Por otra parte, si la finalidad de los terroristas del 11 de septiembre era sembrar el terror en la sociedad, es indiscutible que lograron su cometido, ya que no es fácil encontrar otro período en la historia en que la humanidad se sintiera tan “aterrorizada” e insegura como en nuestros días. Pareciera que se ha encendido la mecha de un conflicto mundial en nombre de la religión, que confunde fe religiosa con ideología violenta o fanatismo irracional, que desvirtúa el verdadero espíritu de las tradicionales religiones monoteístas (el islam, el cristianismo y el judaísmo). Todo comenzó, según la opinión de muchos analistas de política internacional, con la inconsulta ocupación de Irak por parte de los Estados Unidos (luego secundada por Gran Bretaña), que pretendió combatir el fundamentalismo islámico con otro fundamentalismo (político, religioso o militar) y no democráticamente, a través del diálogo, la negociación y otros medios pacíficos.

Tanto el fundamentalismo como el fanatismo, a lo largo de toda la historia humana, han puesto en peligro con mucha frecuencia la convivencia social. Aunque no son sinónimos, ambos fenómenos están íntimamente relacionados. En efecto, el fanatismo tiene, etimológicamente, una clara connotación religiosa. Proviene del sustantivo fanum, que significa “el templo”. Pero su uso, desde la Antigüedad, se extendió a otros ámbitos no religiosos, como el ideológico, político o cultural. A mediados del siglo XX, Palazzini (1950) definió el fanatismo como la condición de quienes se sienten investidos de una misión religiosa, civil o social, se creen únicos poseedores de la verdad, y están dispuestos a recurrir a todos los medios para hacer triunfar sus ideas.

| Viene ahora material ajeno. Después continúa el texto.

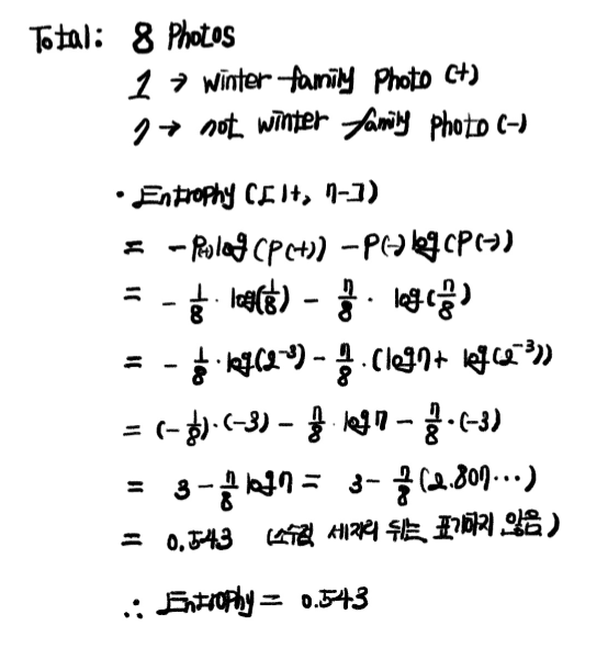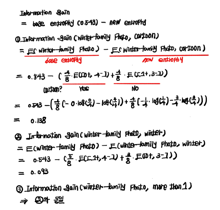 new entrophy를 구하는 과정에서 엔트로피 앞부분에 해당 속성이 선택될 확률(1번에서, E(winter family photo, cartoon)을 구하는 과정에서 E([0+, 4-]) 앞의 p(4/8)를 의미합니다)을 곱하는 부분에 유의하며 이해하면, 쉽게 이해할 수 있을 것입니다. 물론 우리는 직관적으로 "Cartoon Character?" 속성을 먼저 선택하는 것이 유리하다고 판단할 수 있지만, 컴퓨터는 엔트로피 계산 과정을 통해 information gain을 구하는 과정을 거쳐 information gain이 가장 높은 속성인 "Cartoon Character?"를 선택합니다.
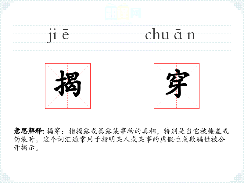 揭穿:指揭露或暴露某事物的真相,特别是当它被掩盖或伪装时。这个词汇通常用于指明某人或某事的虚假性或欺骗性被公开揭示。

El fundamentalismo, por su parte, es un movimiento religioso protestante minoritario, originado a comienzos del siglo XX en los Estados Unidos, que adhiere al sentido literal de la Biblia como el fundamento del cristianismo. Del mismo modo, hay una minoría fundamentalista en el islam, que considera que la Ley Sagrada del Corán (fundamento del islam) tiene validez universal. Por consiguiente, no solo viven literalmente esta Ley Sagrada en su experiencia religiosa personal, sino que están dispuestos a imponerla, aun por la fuerza, en la vida política y social. En el capítulo 8, 38-39 del Corán se dice: “Di a los que se niegan a creer que si cesan, les será perdonado lo que hayan hecho […], pero si reinciden […] combátelos hasta que no haya más oposición y la práctica de adoración se dedique por completo a Allah. Sin embargo, es necesario destacar una vez más que el fundamentalismo religioso no es exclusividad del islam, como tampoco lo es del protestantismo, y que puede surgir en cualquier grupo, no solo religioso, sino también ideológico, político, económico, cultural o moral.

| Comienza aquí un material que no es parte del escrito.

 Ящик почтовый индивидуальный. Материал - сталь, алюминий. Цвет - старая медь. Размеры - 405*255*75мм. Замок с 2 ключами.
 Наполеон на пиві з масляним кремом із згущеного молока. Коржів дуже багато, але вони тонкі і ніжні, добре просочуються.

El fanático y el fundamentalista se identifican en el hecho de que ambos viven la posesión de su verdad con una mística cuasi religiosa, y sienten la necesidad mesiánica de imponer su verdad a los que no la poseen. Este tipo de maniqueísmo conduce inevitablemente a una violencia sin límites, porque la confrontación entre la verdad poseída por el fanático y el supuesto error de quienes no la aceptan explica –y para el fanático, justifica– la violencia terrorista. De ahí la imposibilidad de controlar un terrorismo fundamentalista con otro fundamentalismo, como trataremos de analizar más adelante.

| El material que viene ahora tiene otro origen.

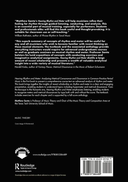 Hearing Rhythm and Meter: Analyzing Metrical Consonance and Dissonance in Common-Practice Period Music is the first book to present a comprehensive course text on advanced analysis of rhythm and meter. This book brings together the insights of recent scholarship on rhythm and meter in a clear and engaging presentation, enabling students to understand topics including hypermeter and metrical dissonance. From the Baroque to the Romantic era, Hearing Rhythm and Meter emphasizes listening, enabling students to recognize meters and metrical dissonances by type both with and without the score. The textbook includes exercises for each chapter and is supported by a full-score anthology. PURCHASING OPTIONS Textbook (Print Paperback): 978-0-8153-8448-9 Textbook (Print Hardback): 978-0-8153-8447-2 Textbook (eBook): 978-1-351-20431-6 Anthology (Print Paperback): 978-0-8153-9176-0 Anthology (Print Hardback): 978-0-367-34924-0 Anthology (eBook): 978-1-351-20083-7

En estas reflexiones sobre la paz trataremos de analizar las causas y tipos de violencia, los medios para resolver pacíficamente los conflictos, y la evolución del concepto de paz, a la luz de la Carta de las Naciones Unidas, de las investigaciones sobre la paz producidas por el Instituto Internacional de Oslo y del modelo social adoptado por la Unión Europea.